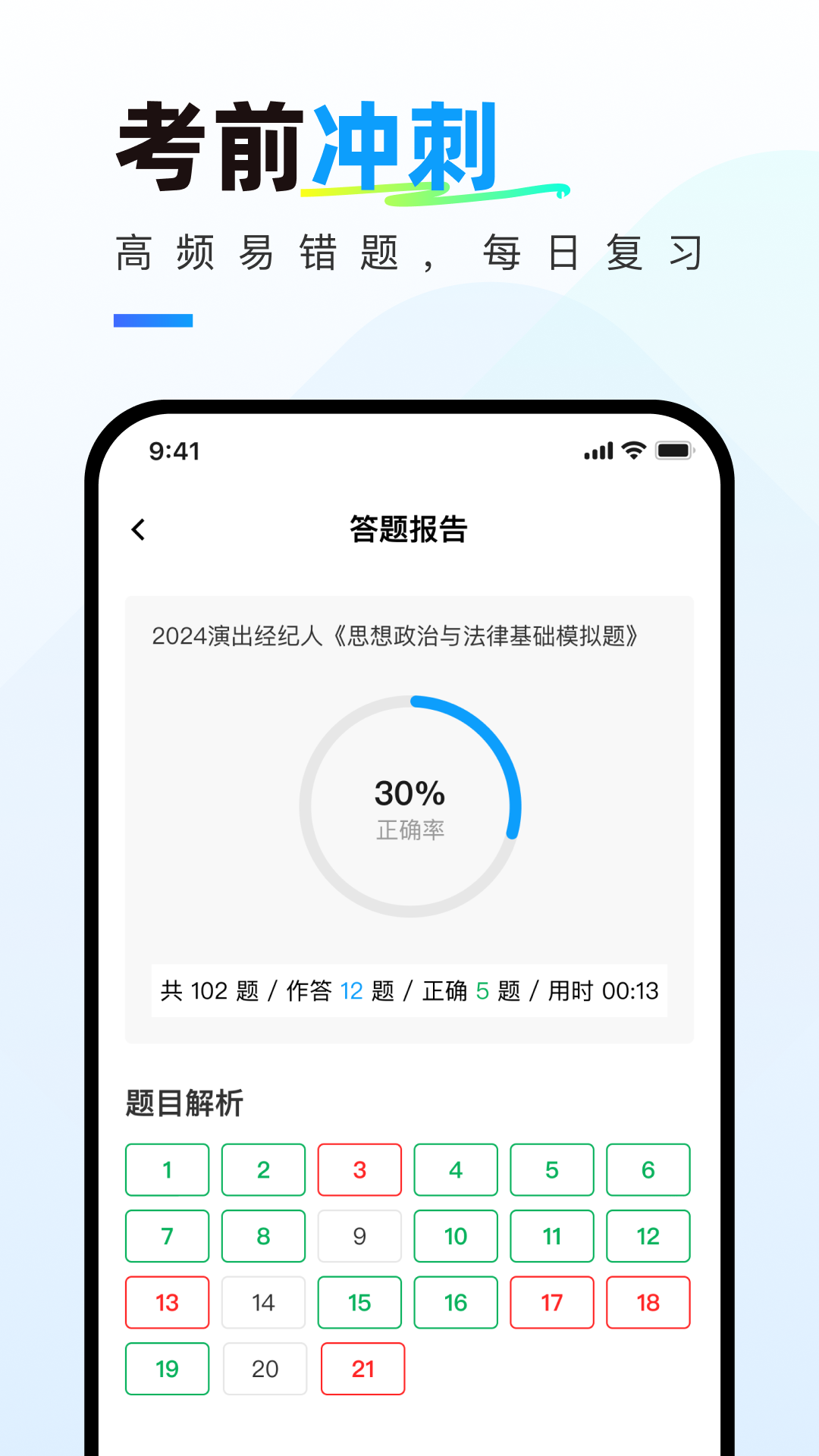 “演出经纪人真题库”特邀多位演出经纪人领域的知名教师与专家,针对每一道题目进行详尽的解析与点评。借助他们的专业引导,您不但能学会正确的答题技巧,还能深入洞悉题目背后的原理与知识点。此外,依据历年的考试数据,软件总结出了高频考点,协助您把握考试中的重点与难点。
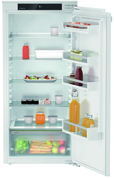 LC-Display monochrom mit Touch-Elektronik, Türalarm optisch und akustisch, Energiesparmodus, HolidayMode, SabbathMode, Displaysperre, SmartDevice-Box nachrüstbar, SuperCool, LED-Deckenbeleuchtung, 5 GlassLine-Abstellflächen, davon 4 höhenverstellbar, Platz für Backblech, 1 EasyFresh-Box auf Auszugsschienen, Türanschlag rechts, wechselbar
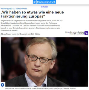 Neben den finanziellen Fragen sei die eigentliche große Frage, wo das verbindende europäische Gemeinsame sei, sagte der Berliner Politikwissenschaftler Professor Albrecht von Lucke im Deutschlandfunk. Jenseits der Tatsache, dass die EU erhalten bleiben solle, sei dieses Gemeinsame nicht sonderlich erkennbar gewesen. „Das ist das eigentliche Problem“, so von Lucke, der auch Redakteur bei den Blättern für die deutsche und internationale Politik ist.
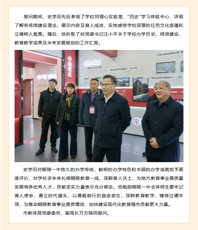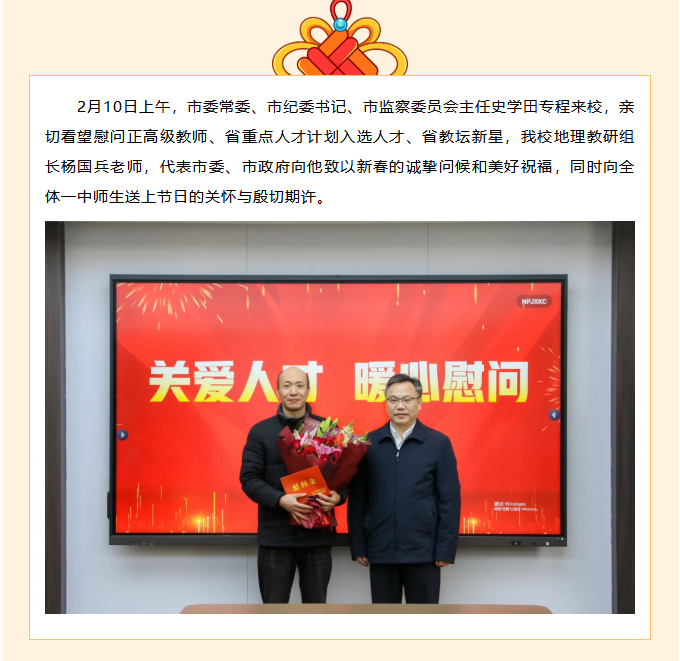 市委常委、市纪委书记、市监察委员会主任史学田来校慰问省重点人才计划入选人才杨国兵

§ **Activity**
Beginning at the line that contains "LC-Display monochrom mit", retype each line of the data above through the very last one. Do not retype the pictures.

§ **Expected answer**
 LC-Display monochrom mit Touch-Elektronik, Türalarm optisch und akustisch, Energiesparmodus, HolidayMode, SabbathMode, Displaysperre, SmartDevice-Box nachrüstbar, SuperCool, LED-Deckenbeleuchtung, 5 GlassLine-Abstellflächen, davon 4 höhenverstellbar, Platz für Backblech, 1 EasyFresh-Box auf Auszugsschienen, Türanschlag rechts, wechselbar
 Neben den finanziellen Fragen sei die eigentliche große Frage, wo das verbindende europäische Gemeinsame sei, sagte der Berliner Politikwissenschaftler Professor Albrecht von Lucke im Deutschlandfunk. Jenseits der Tatsache, dass die EU erhalten bleiben solle, sei dieses Gemeinsame nicht sonderlich erkennbar gewesen. „Das ist das eigentliche Problem“, so von Lucke, der auch Redakteur bei den Blättern für die deutsche und internationale Politik ist.
 市委常委、市纪委书记、市监察委员会主任史学田来校慰问省重点人才计划入选人才杨国兵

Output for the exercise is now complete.